Department of Chemical and Biological Engineering

She was recognized for a recent paper she co-authored entitled, Mathematical Modeling of the Gut-Bone Axis and Implications of Butyrate Treatment on Osteoimmunology.

“We are studying the effects of certain nutritional supplements on bone health via interaction with the digestive and immune systems,” Ford Versypt says. “As chemical engineers, we take a computational systems biology approach to tie together complex biological processes.”

The 2021 Class of Influential Researchers are “in the first 10 years or so of their independent careers, and were identified through an open call for nominations, with a focus on researchers in the Americas,” according to the journal’s website. Nominations were reviewed by the journal’s editors and advisory board members.

“The distinction is important for widening the audience of our paper, the first from a systems biology and experimental collaboration with nutrition, inflammation and bone health expert, Brenda Smith of the Indiana Center for Musculoskeletal Health and Oklahoma State University,” Ford Versypt says. “The paper leads to multiple candidate hypotheses to explain biological processes consistent with prior experimental data and can help to further explain how the nutritional supplements impact bone health.”

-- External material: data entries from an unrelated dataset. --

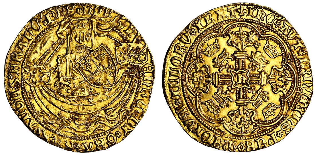 Henry VI, first reign, rosette-mascle issue, c.1430-31, Noble, 6.94g, London, m.m., lis, king crowned, standing facing in ship holding sword and shield, mascle after rex, rosette stops, rev. floriate cross arms extending from a central panel containing a letter h, added small lis in second quarter, mascle after per, trnciens, rosette stops (Schneider 308; N.1439; S.1817), slightly double struck in places on obverse, very fine, rare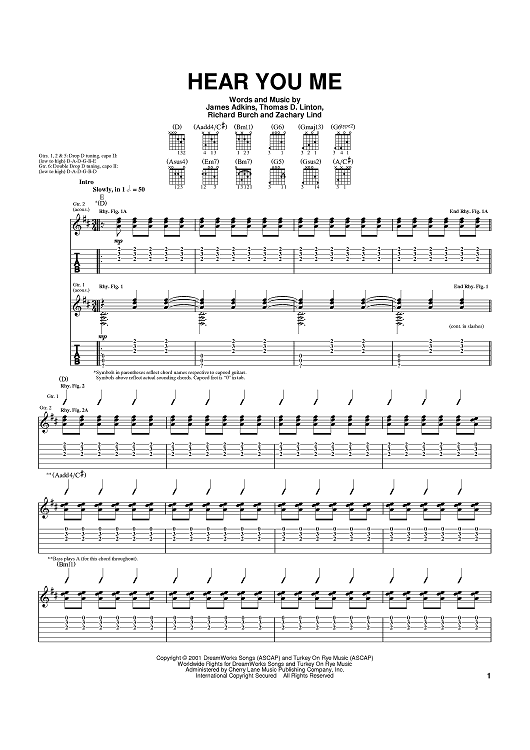 Digital Sheet Music for Hear You Me by James Adkins, Richard Burch, Jimmy Eat World, Tom Linton scored for Guitar Tab; id:369848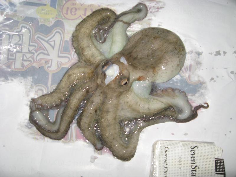 目の下あたりで切りはなし足の方に付いてる口を取る・・・↓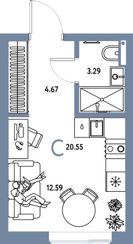 Продаётся студия в строящемся доме (Дом 1), срок сдачи: III-кв. 2026, общей площадью 20.55 кв.м., на 13 этаже. Многоэтажные жилые дома с объектами инфраструктуры, расположенные по адресу: Московская область, г.о. Мытищи, г.Мытищи, мкр. 18Б, ул. Комарова.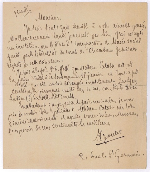 Autograph letter signed. Paris, "Jeudi" [21 March 1895]. 8vo. 1 p. To the lawyer Anatole Catusse, declining an invitation to dinner because of his earlier acceptance of an invitation to attend the "inauguration dinner of the Musée social". The letter can be dated with respect to the dinner that took place on Monday 25 March 1895. As Izoulet mentions, the Musée Social was funded by count Aldebert de Chambrun. - In the second part of the letter, Izoulet expresses his regret that Madame Marie-Maguerite Catusse couldn't attend a Latin thesis defense ceremony at the Sorbonne earlier that year because the "hall was full" when she arrived. - Marie-Maguerite Catusse (1858-1928) was one of the closest friends of Marcel Proust's mother Jeanne Weil and a friend and longtime correspondent of Marcel Proust. - The Musée social was founded to preserve documents from the Social Economy pavilion of the 1899 Exposition Universelle. Over the years, the well-funded institution became an important center of research into a broad range of topics, including social housing, labor organization, and city planning. Based on its expertise and important supporters and members, the Musée social gained great influence over government policy in the 1st half of the 20th century. - With a tear to a fold slightly affecting the text.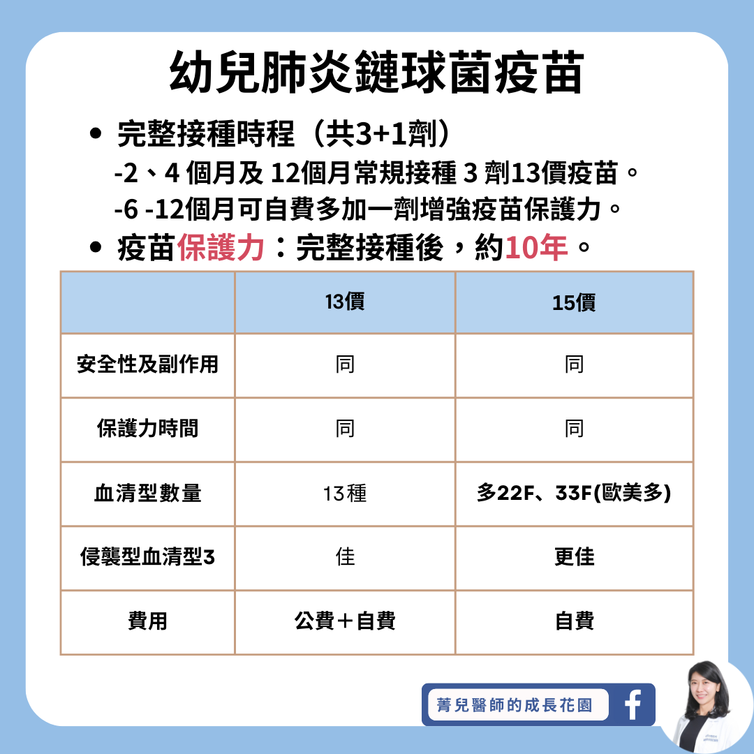 - 15價疫苗的 安全性,疫苗副作用(如:發燒)及保護時效 與13價疫苗 差不多 。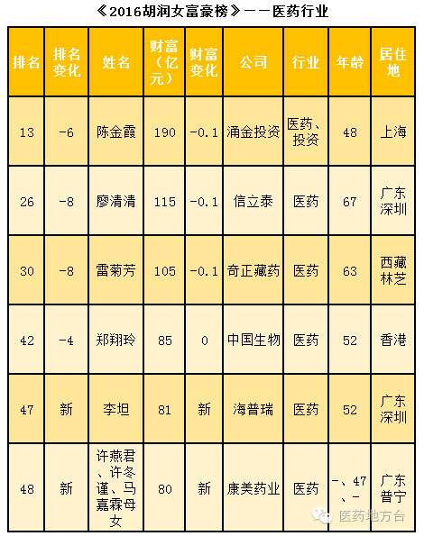 6家药企女富豪上榜《2016年胡润女富豪榜》。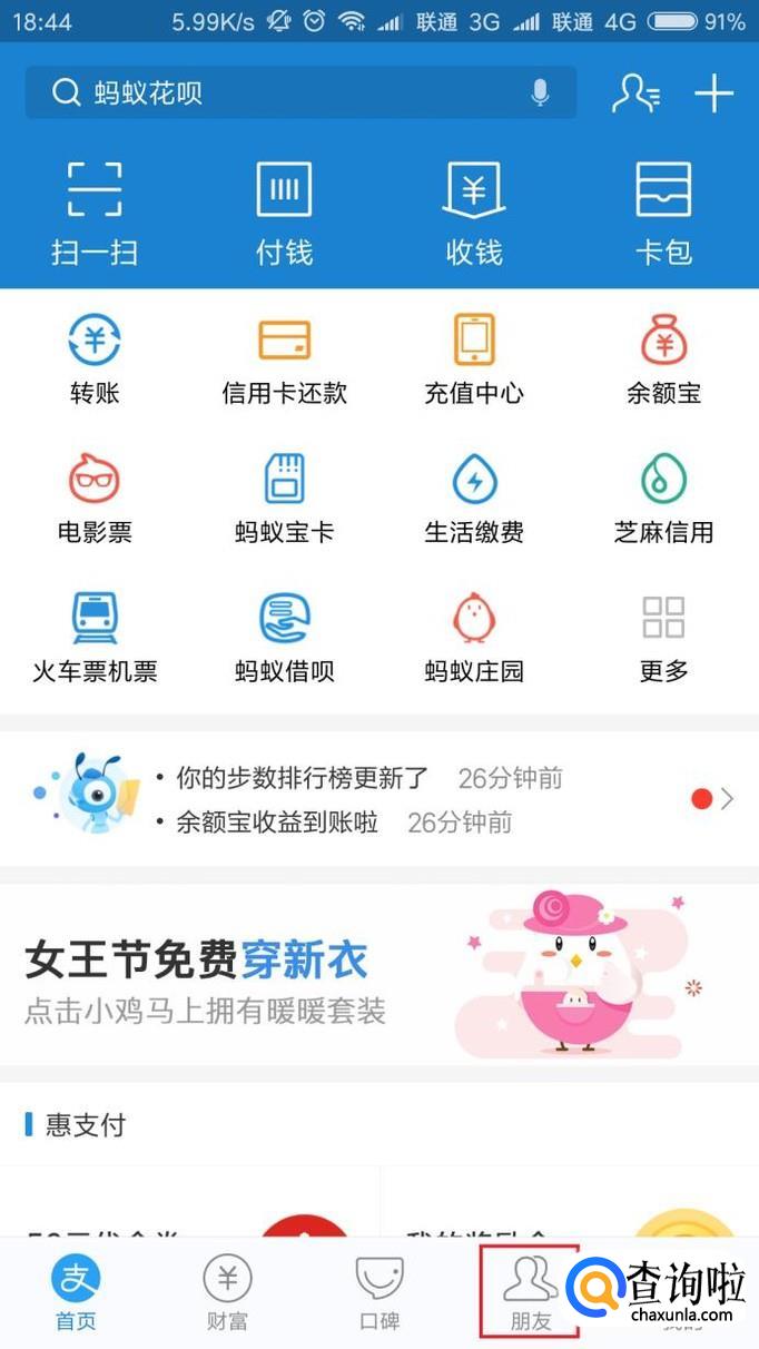 首先,我们打开支付宝客户端主页面,在主页面中,点击页面底部“朋友”选项。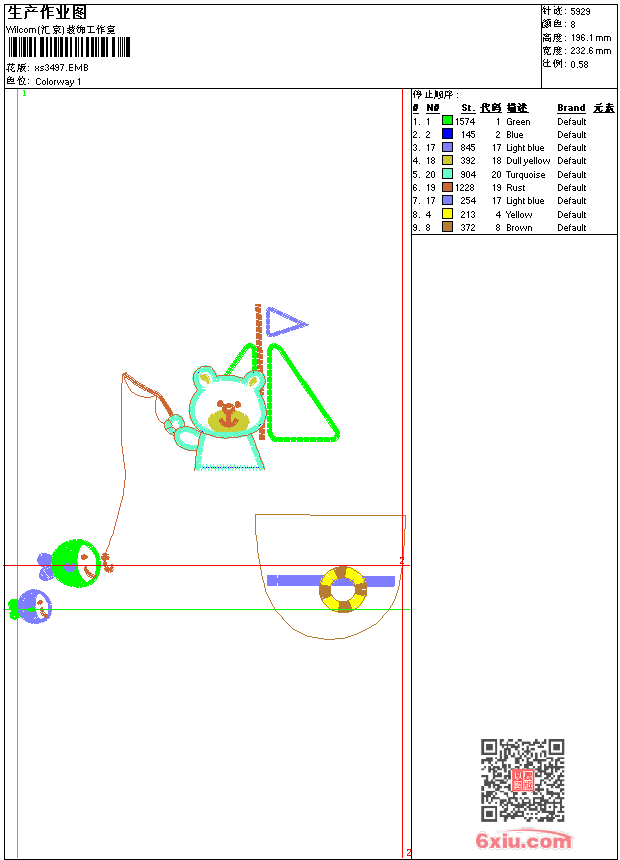 - 版带文件需绣花软件方可打开,可配色打印导出各种格式或直接上机绣。如无绣花软件可下载1:1模拟效果图。

The long-term goal of Ford Versypt’s research program is to develop multiscale mathematical and computational models to enhance understanding of the mechanisms governing tissue remodeling and damage from diseases and infections, and to stimulate the treatment of those conditions to improve human health. Her research program is funded by the National Science Foundation (NSF) and the National Institutes of Health.

Ford Versypt also leads the Systems Biomedicine and Pharmaceutics Laboratory at UB. The lab specializes in modeling kinetics and transport processes involved in biological and chemical interactions related to both physiological microenvironments and engineered biomedical and pharmaceutical systems, particularly those involved in tissue damage and treatment.

Ford Versypt has authored or co-authored 29 peer-reviewed journal publications and earned the NSF CAREER Award in 2019. In 2017, Ford Versypt was recognized by the American Institute of Chemical Engineers (AIChE) as one of the institute’s “35 under 35.” She is also a director of AIChE’s computing and systems technology division and past chair of the chemical engineering division of the American Society for Engineering Education.

Industrial & Engineering Chemistry is a weekly publication reporting industrial and academic research in the chemistry and chemical and biomolecular/biochemical engineering. The journal has been published by the American Chemical Society since 1909.